Inzwischen hat die ukrainische Regierung in den Meinungsumfragen an Unterstützung verloren - eine Folge von Korruptionsskandalen und mehreren ungeschickten Versuchen, die Redefreiheit einzuschränken, wie Olga Worozbyt, Redakteurin für Ukrainian Weekly, für Krytyka Polityczna berichtet.

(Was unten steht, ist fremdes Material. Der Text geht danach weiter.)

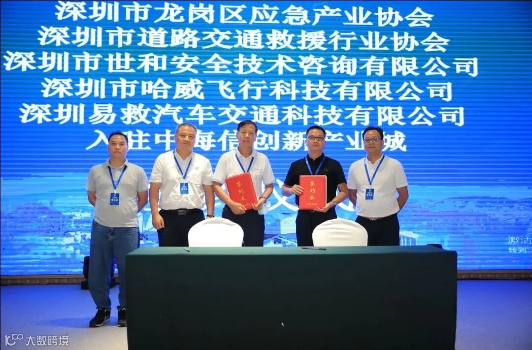 本次会议上,中海信公司副总经理邹佳俊与深圳市龙岗区应急产业协会、深圳市道路交通救援行业协会、深圳市世和安全技术咨询有限公司、深圳市哈威飞行科技有限公司、深圳易救汽车交通科技有限公司五家企业签署了入驻中海信产业园的协议,充分表达了企业对于中海信产业园的信任与支持。
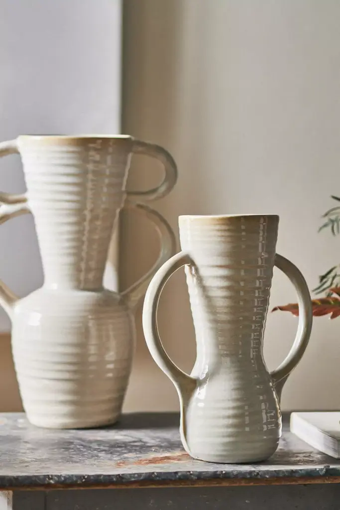 With its oversized handles and round yet tapered shape, this vase combines functionality with modern design, making it a striking centerpiece for any space.

Die Rückschläge an der Front und die schwindende Hoffnung auf ein Ende des Krieges haben Präsident Selenskyj und sein Team zum Gegenstand öffentlicher Frustration gemacht. Der Rücktritt von Saluschnyj wird - vor allem von Selenskyjs Gegnern - als ein weiterer politischer Fehler angesehen, der der Ukraine schadet. Aber ich denke, es lohnt sich, etwas Abstand zu gewinnen und sich zu fragen, welche anderen Möglichkeiten Selenskyj hat, um die Ukraine aus der Sackgasse zu führen.

Personelle Veränderungen sind eine Chance, frischen Wind in den Generalstab zu bringen und Platz für neue Ansätze und Strategien zu schaffen. Nicht zuletzt, wenn die bisherigen nicht immer funktioniert haben.

Aber natürlich kann der Wechsel die Notlage des angeschlagenen Landes auch verschlimmern. General Syrsky, der die Verteidigung von Kiew und die Gegenoffensive auf Charkiw im Jahr 2022 leitete, ist in Militärkreisen dafür bekannt, dass er nicht mit menschlichen Verlusten rechnet, was indirekt für seine Effektivität verantwortlich sein könnte.

Und doch war Syrsky seit Beginn der russischen Aggression im Wesentlichen an einem Verteidigungskrieg beteiligt. Bislang hat sich der Wechsel an der Spitze nicht als so großes Erdbeben erwiesen wie erwartet, schrieb ich in Newsweek Polska, und er bedeutet auch keineswegs einen Verrat an den Interessen der Ukraine. Diese bleiben unverändert:  Der Sieg über Russland und ein dauerhafter Frieden.